The data suggest that "young adults with diabetes have rates of [coronary heart disease] 12 to 40 times higher than those in people of the same age without diabetes. However, absolute rates of coronary events and [cardiovascular disease events] in general, were lower in this younger group than the rates conventionally regarded as high risk, and lower than those of people without diabetes with established [coronary heart disease]."

The study relied on medical records to identify people with diabetes, so it possible that the "use of our algorithm would not have identified people with undiagnosed diabetes." But that omission would have biased the study towards a null hypothesis, they wrote.

A second limitation is the failure to discern use of cardioprotective drugs in patients of all ages. But prescription records were available for people ages 65 or older, and from 1994 through 1999 only 8% to 25% of Ontario residents age 65 or older were taking lipid-lowering medications, and 25% to 37% were taking ACE inhibitors. Those rates indicate that it is unlikely that there was substantial use of those drugs in younger residents.

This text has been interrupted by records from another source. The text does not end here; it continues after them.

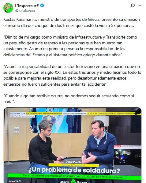 Pongamos las cosas en perspectiva y comparemos la reacción de un ministro de Transportes de Grecia ante un accidente que costó decenas de muertos. Y la actitud de Pedro Sánchez, y su ministro, Óscar Puente: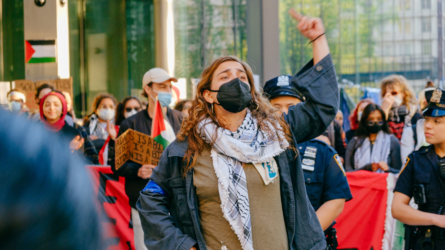 Above photo: Demonstrators stand in solidarity with NYU Gaza Solidarity Encampment in May of 2024. Wyatt Souers.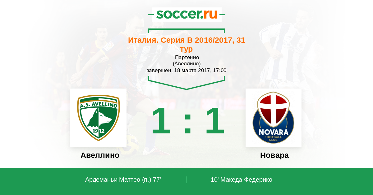 Авеллино - Новара: обзор матча 18 марта 2017
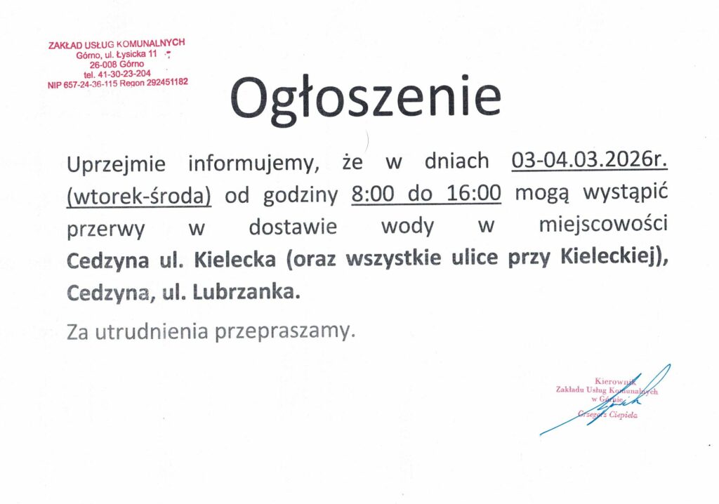 Ogłoszenie – Możliwe przerwy w dostawie wody w dniach 3-4.03.26r w miejscowości Cedzyna 23 lutego, 2026 | No Comments | ogłoszenie, top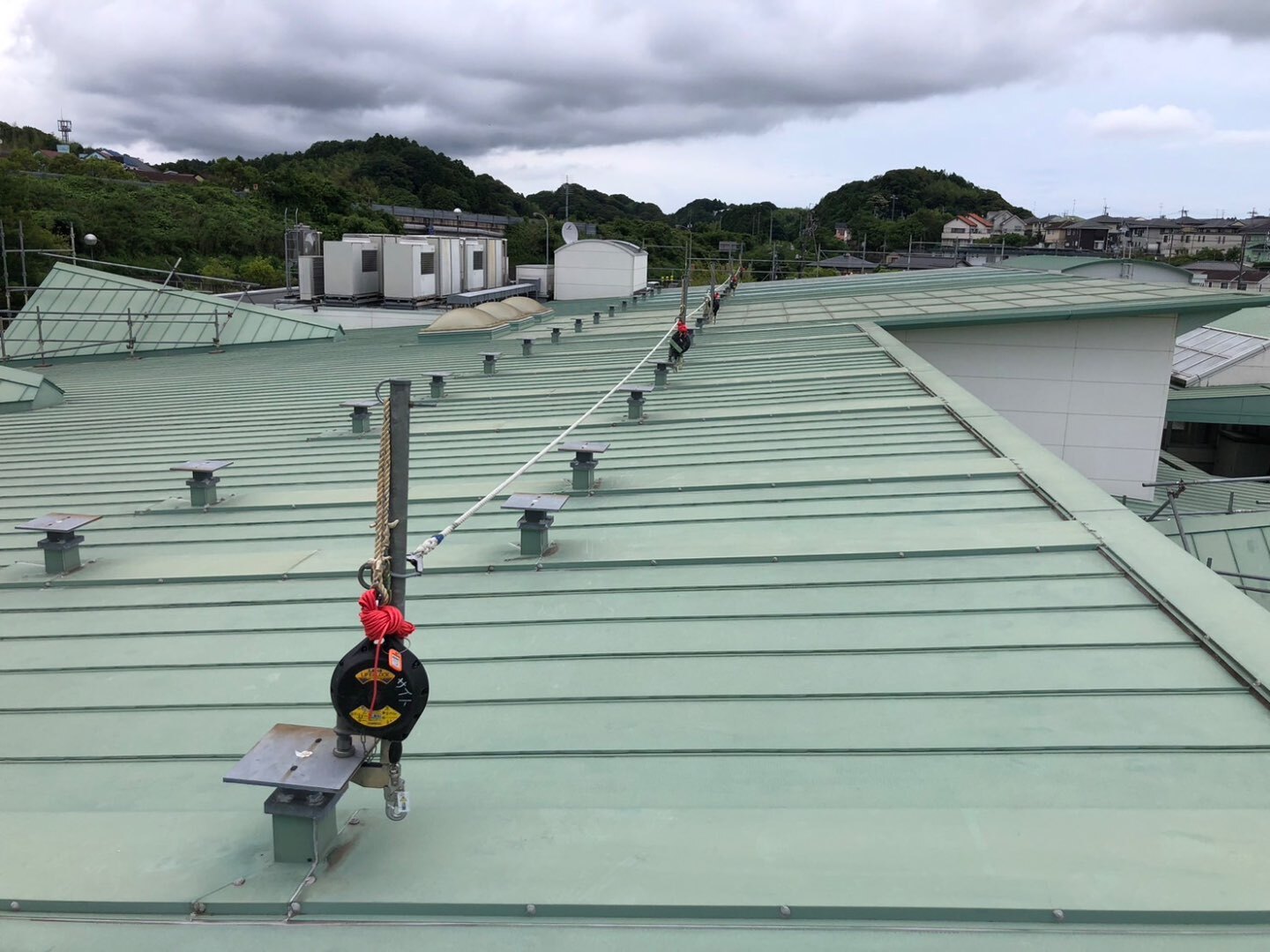 軒先には安全ブロックを設置して、墜落防止の対策も行いました。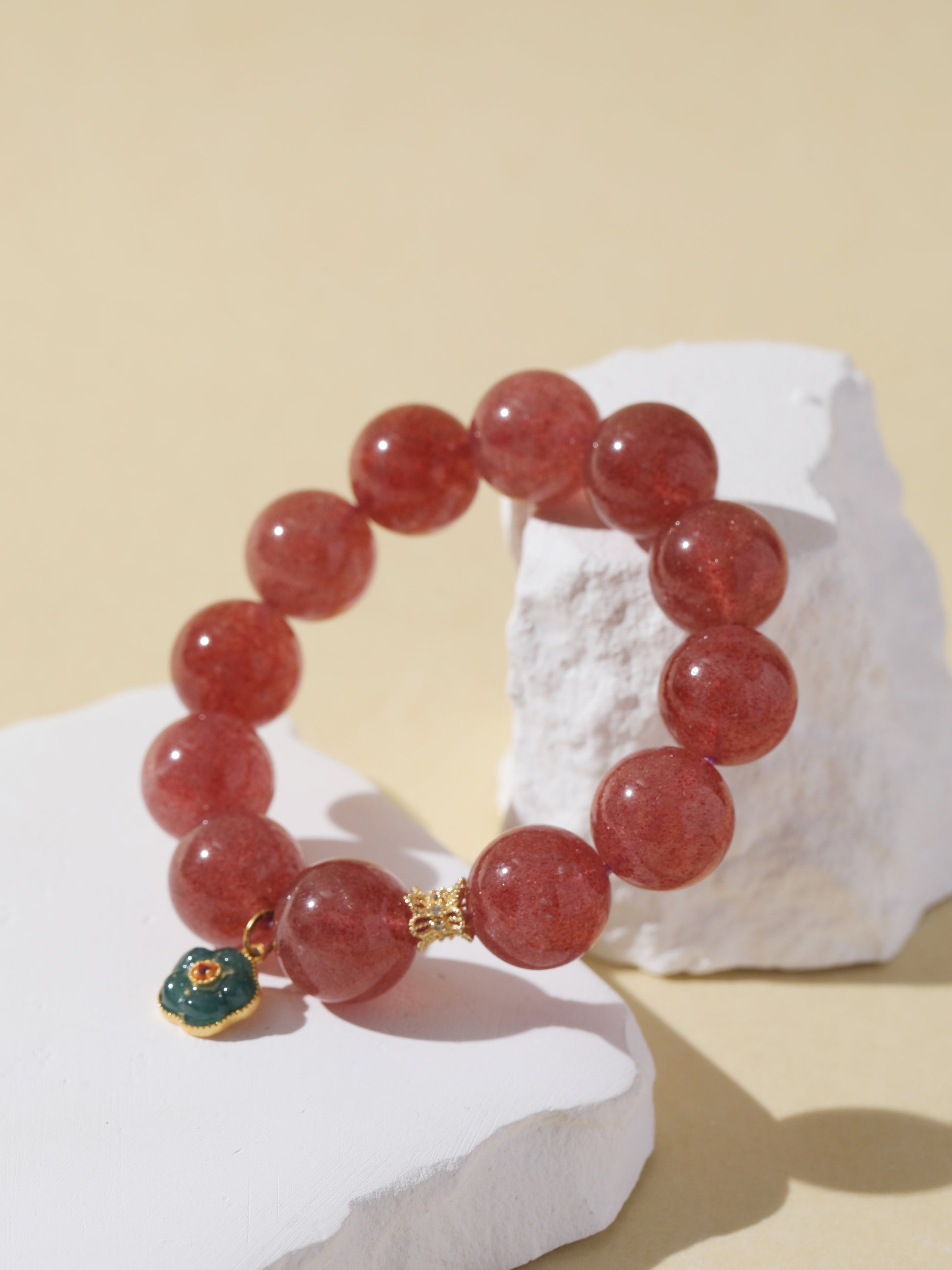 Strawberry Quartz is cherished as a "love magnet"—enhancing personal charm, lifting the spirit, and attracting kind, meaningful connections. It resonates strongly with the heart chakra, gently opening one’s energy to joy, warmth, and affection. Vibrant yet soft in energy, the design radiates sweetness, confidence, and feminine elegance.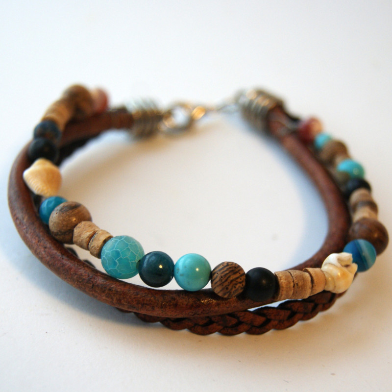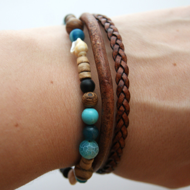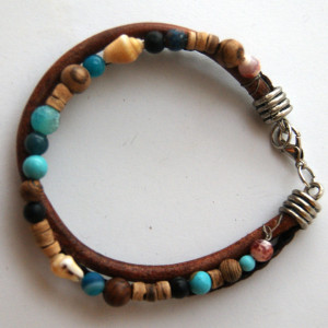 Bransoletka AGAT, JASPIS, MUSZLA, TURKUS, DREWNO, LAWA i rzemień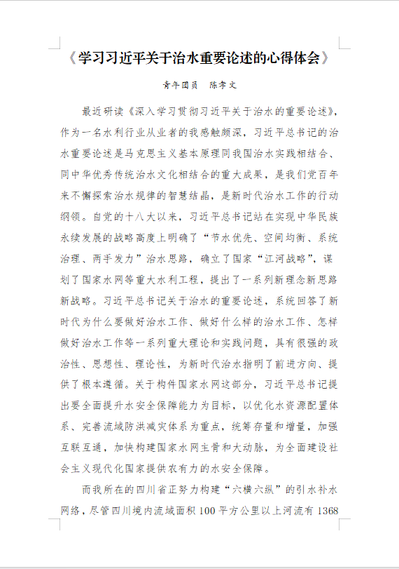 ? ? 設(shè)計公司組織青年理論學(xué)習(xí)小組成員、青年干部職工積極開展理論學(xué)習(xí),學(xué)習(xí)習(xí)近平新時代中國特色社會主義思想、習(xí)近平總書記來川視察重要指示精神等內(nèi)容,將全面深入學(xué)習(xí)貫徹黨的二十大精神和學(xué)習(xí)貫徹習(xí)近平新時代中國特色社會主義思想主題教育作為重點(diǎn),與水利設(shè)計主業(yè)相結(jié)合,通過政治理論學(xué)習(xí)不斷提高青年干部職工政治站位,鑄牢政治忠誠,提升業(yè)務(wù)水平。設(shè)計公司以團(tuán)支部為單位重點(diǎn)學(xué)習(xí)《深入學(xué)習(xí)貫徹習(xí)近平關(guān)于治水的重要論述》,并結(jié)合崗位勘設(shè)工作,撰寫讀書體會300余篇,將學(xué)習(xí)成果轉(zhuǎn)化為武裝頭腦、指導(dǎo)實(shí)踐、推動工作的強(qiáng)大力量。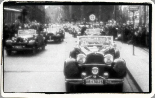 s jours plus tard, le 19 juillet, Hitler fut filmé dans cette voiture avec le numéro de police 148697.
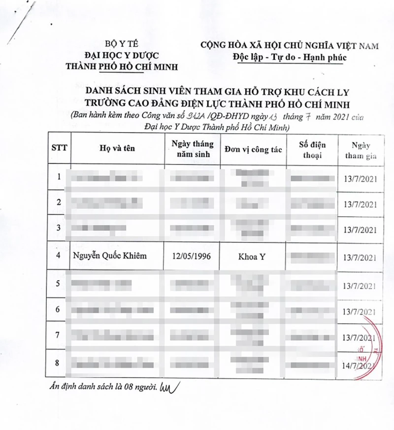 Danh sách có tên Khiêm được cử đi làm tình nguyện. Ảnh: PV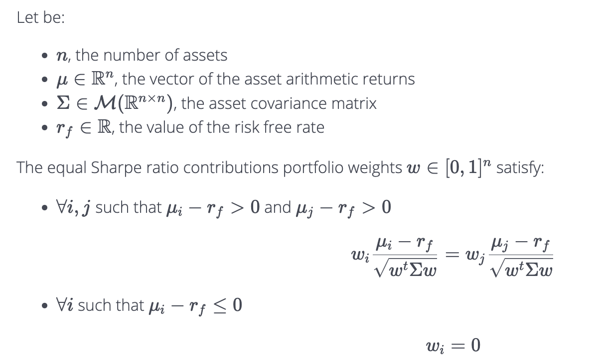 Equal Sharpe Ratio Contributions (ESRC) portfolios are a type of portfolio optimization methodology that seeks to equalize the Sharpe ratios of individual assets in the portfolio. The Sharpe ratio is a commonly used measure of risk-adjusted return, which takes into account both the expected return and the volatility of an opportunity.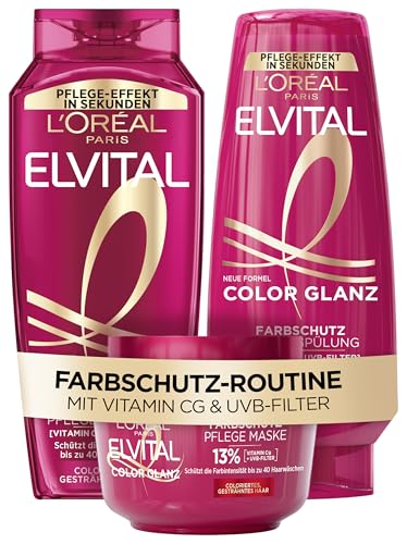 L'Oréal Paris Hårvårdsset: Färgskydd Schampo 300 ml, Balsam 250 ml & Närande Mask 300 ml, För Färgat, Tonat eller Slingat Hår - Skyddar Skönheten i Hårfärgen, Bevarar Färgintensitet & Ljusstyrka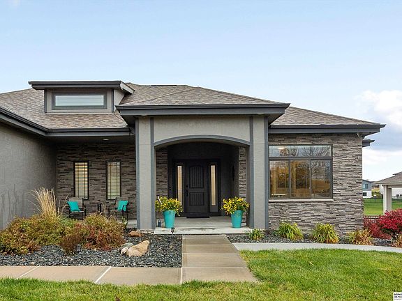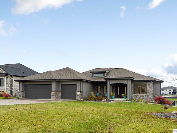 Experience unparalleled luxury in this custom built lakefront home.  No expense has been spared! This exquisite ranch-style property is a Geothermal home, delivering impressively low utility costs year round. The open-concept design is bathed in natural light, enhancing the seamless flow of every meticulously crafted space.  Outdoors, a private oasis awaits, featuring a putting green, a resort style pool, and a relaxing in ground hot tub, all surrounded by immaculate landscaping and sophisticated lighting that illuminates the home's architectural accents.  The gourmet kitchen is a chef's dream, complete with top-tier appliances and a spacious walk in pantry.  The primary suite offers a peaceful retreat, with dual vanities, an expansive walk-in closet, and a cozy ambiance perfect for relaxation.  With direct lake access and stunning views, this home is an entertainer's paradise--perfect for both intimate gatherings and grand celebrations.

The authors concluded that "middle-age and older people with diabetes seem on average to be at high risk of [cardiovascular disease], thus aggressive risk-reduction strategies are warranted for them."

Younger people with diabetes appear to be at low to moderate risk, thus the data support present guidelines recommending that risk-reduction efforts be individualized in patients with diabetes who are younger than 40.